Taylor admits one goal of this annual effort is to build good citizens while students get to apply their building skills. Seniors Jackson Blizzard, Brian Bennett and Jon Cagle appeared to agree with Taylor. Blizzard said this is his first year in the vocational shop class.
“I love to have something to do with this hands-on stuff,” said Blizzard. He said techniques like being sure his measurements were correct and the wooden pieces were square translated well as he moved from building furniture to the cornhole boards. He said he was surprised to find out how easy it was to get specification for the boards because cornhole is “serious” with a national league for competition. He said he hopes to use what he has learned in class to pursue a career in a field like civil engineering.
Bennett said this was his third year in the class as the others joked he spent so much time in the shop he should consider changing his name.
“We did this last year so it was pretty much the same,” said Bennett. “Everybody came in and we all worked together, which was a plus. We had an assembly line going. We did a lot more detail this year and were were quick at it.” He was not specific about what he wants to do for a career, other than something where he “wasn’t behind a desk all the time.”
Cagle is in his second year of the class and he said this was the first time he had helped with the cornhole project. He said he was impressed at how well everyone worked together and how well it was organized.
“These kids are good people,” said Taylor. “They look forward to having an opportunity to help out.

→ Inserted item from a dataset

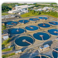
Water & Wastewater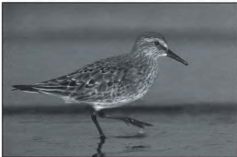
This white-rumped sandpiper was photographed on 1 October 2001 at Conneaut Harbor in Ashtabula County.

I’ve yet to have anyone not want to participate. I want them to understand they can affect other peoples lives by what they do. We want to raise selfless, well-rounded citizens.”
Taylor said this is the third time they have made the cornhole boards. He added that his opinion is taxpayers help support the public schools and it is a natural way for the students to turn around and invest in the community as well as helping organizations which benefit the public.
“It is so important to me (for) students to know they are contributing and making a difference in someone’s life. They are not as heartless and careless as some people think (young people are),” Taylor said. “The support of the community is outstanding.”
Taylor said a set of the sanded cornhole boards costs $100 and a set of the sanded boards with a set of eight navy blue and white bags is $120. The sets will be sold on a first-come, first-served basis. Checks should be made to Mount Airy High School. Orders can be made at email@example.com or 336-789-5147.
Previous projects have included making wooden toys and checkerboards which were delivered in the community. He said the students made eight sets and eight have not been sold. Proceeds from the sales of the boards will go the the Harvest Food Bank, Foothills Food Pantry and to the family of the late Jacob Pettite.